**Brief**
A single stretch of the material below is to be transcribed exactly, starting at the line with "麦比梵实木飘窗书桌带柜子转角可伸缩桌子电脑桌床边梳化妆桌学生写字桌床笠拉车" and ending after the line with "Installation d'un poêle".

**Stored data**
-- Opening Marker --
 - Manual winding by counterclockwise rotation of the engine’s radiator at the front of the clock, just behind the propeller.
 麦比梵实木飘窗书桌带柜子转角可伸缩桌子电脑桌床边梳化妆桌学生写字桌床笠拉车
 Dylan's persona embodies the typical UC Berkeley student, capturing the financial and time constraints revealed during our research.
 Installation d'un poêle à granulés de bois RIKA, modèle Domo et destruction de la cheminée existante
-- Closing Marker --
-- Opening Marker --
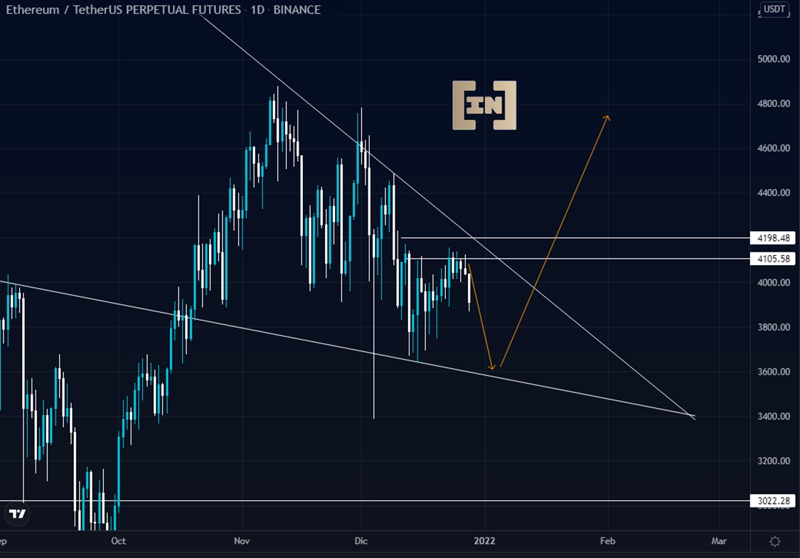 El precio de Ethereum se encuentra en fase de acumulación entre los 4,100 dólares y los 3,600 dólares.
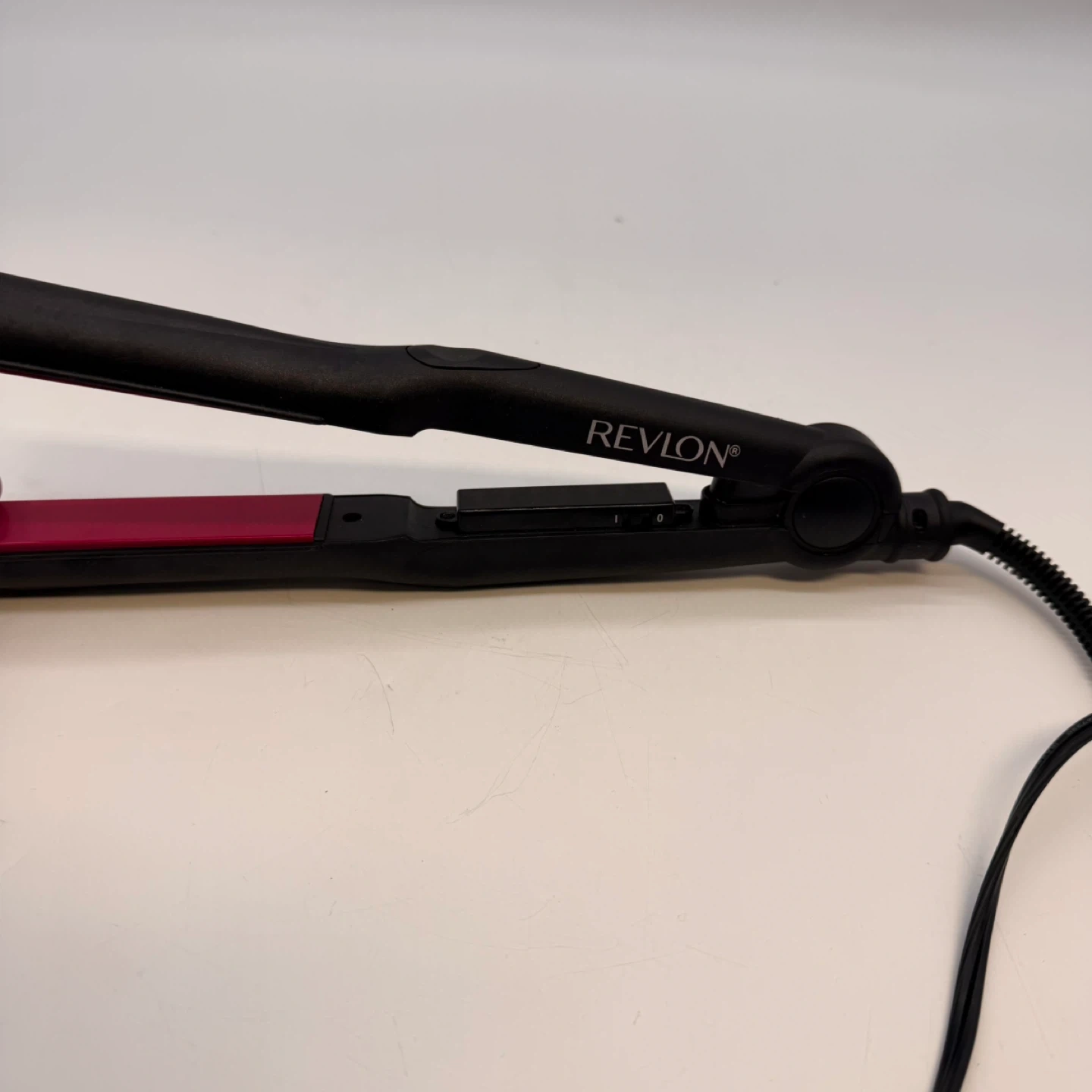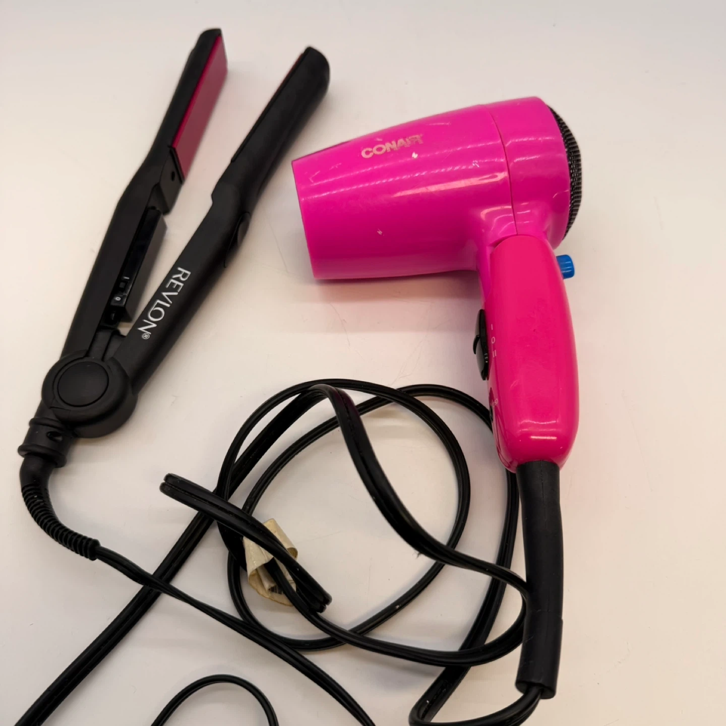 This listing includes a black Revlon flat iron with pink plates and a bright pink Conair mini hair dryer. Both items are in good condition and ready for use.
-- Closing Marker --
**Written response**
 麦比梵实木飘窗书桌带柜子转角可伸缩桌子电脑桌床边梳化妆桌学生写字桌床笠拉车
 Dylan's persona embodies the typical UC Berkeley student, capturing the financial and time constraints revealed during our research.
 Installation d'un poêle à granulés de bois RIKA, modèle Domo et destruction de la cheminée existante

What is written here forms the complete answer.